### TASK
Would you please set down, word for word, the lines from the one with "酒店申請了4條到CNC的E1" through the final line of the data below, omitting any pictures?

---- DATA

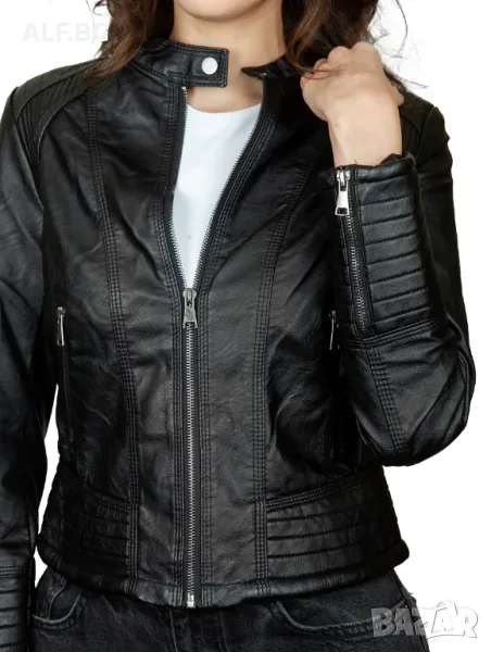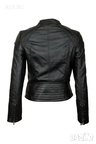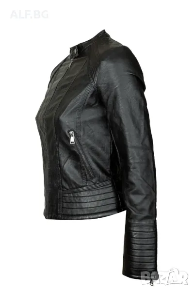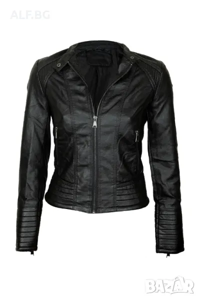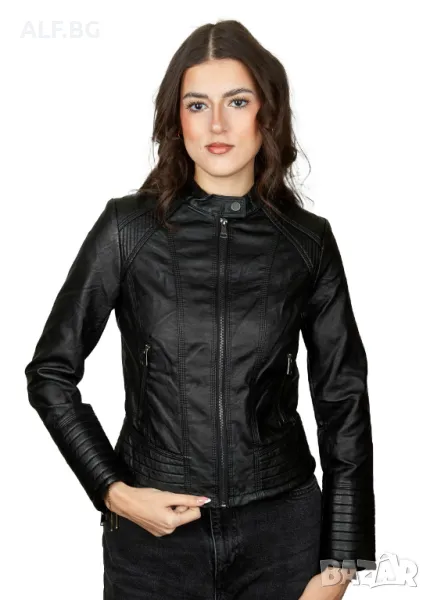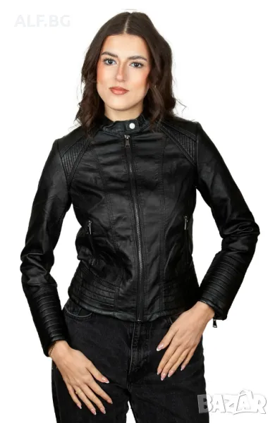 Елегантно дамско кожено яке от висококачествена еко кожа. Кожата на якето е много мека и приятна на допир. Вътрешната част на якето е изработена от шушлякова подплата. Подходящо за пролетно-есенния сезон.
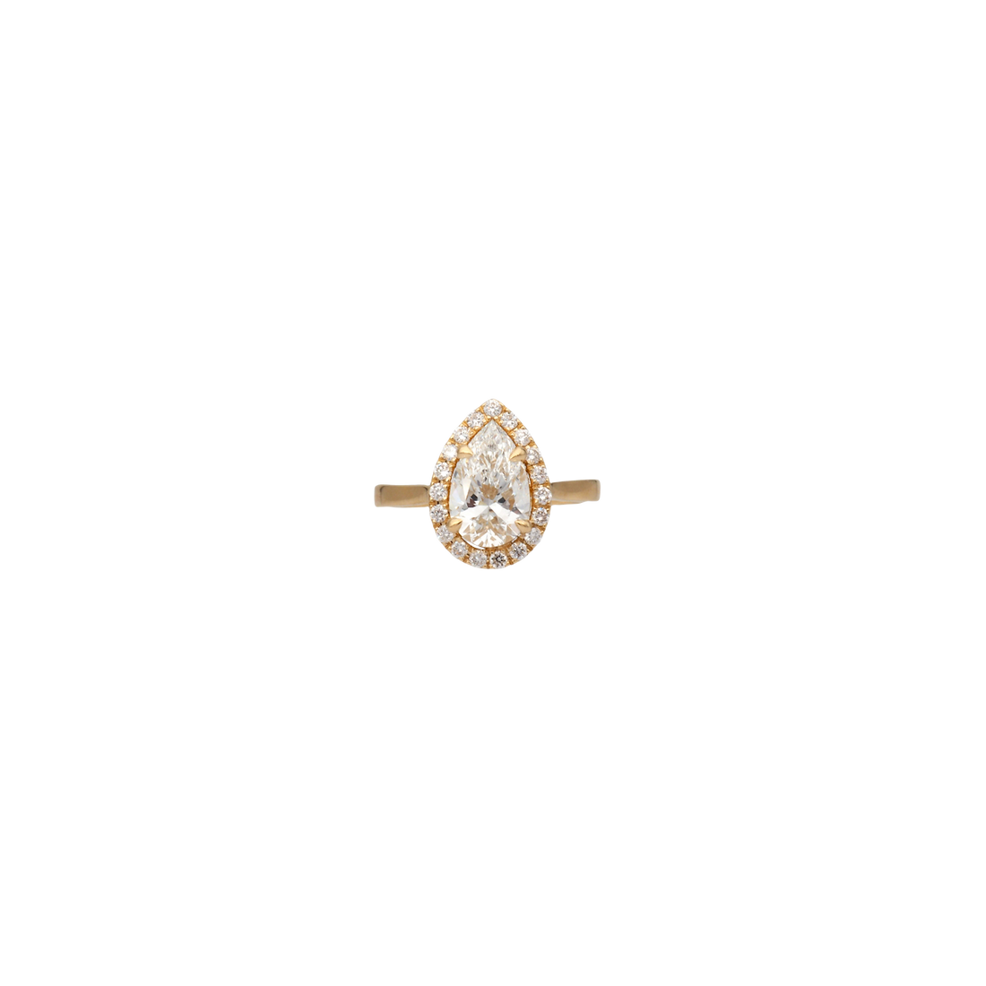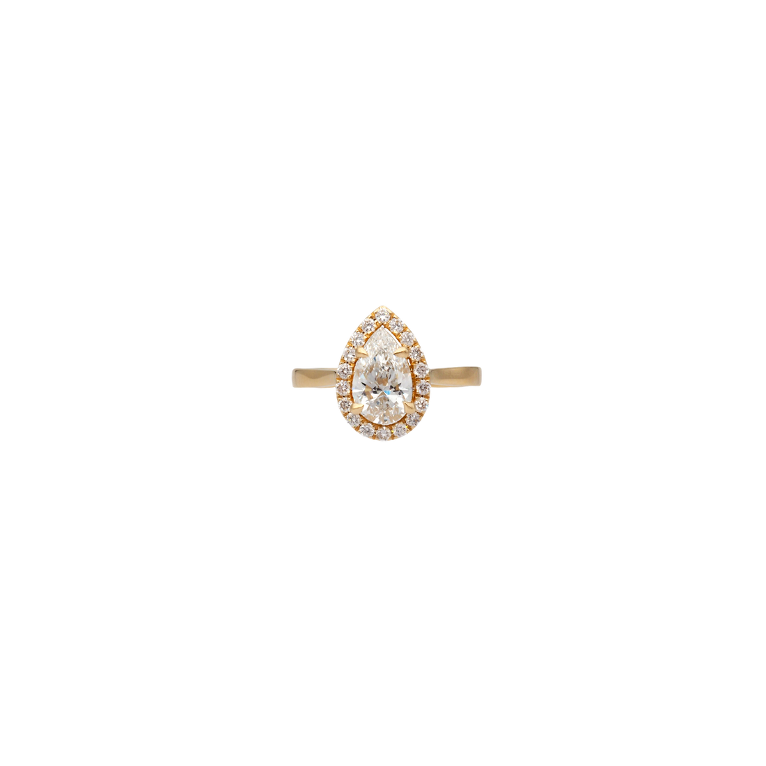 Elegant yellow gold halo ring featuring a pear shape lab grown diamond surrounded by sparkling...
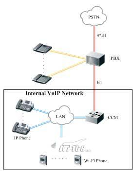 酒店申請了4條到CNC的E1線路,用于語音呼叫業(yè)務,同時內部還建設有覆蓋整個酒店的VoIP網絡,通過CCM系統(tǒng)進行集中管理,CCM系統(tǒng)與PBX之間通過E1線進行連接。
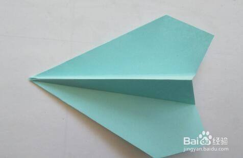 第七步,沿折痕将上面的图形向下折,后面的图形也向下折,整理一下,这样纸飞机将折好了。

--------

### YOUR RESPONSE
 酒店申請了4條到CNC的E1線路,用于語音呼叫業(yè)務,同時內部還建設有覆蓋整個酒店的VoIP網絡,通過CCM系統(tǒng)進行集中管理,CCM系統(tǒng)與PBX之間通過E1線進行連接。
 第七步,沿折痕将上面的图形向下折,后面的图形也向下折,整理一下,这样纸飞机将折好了。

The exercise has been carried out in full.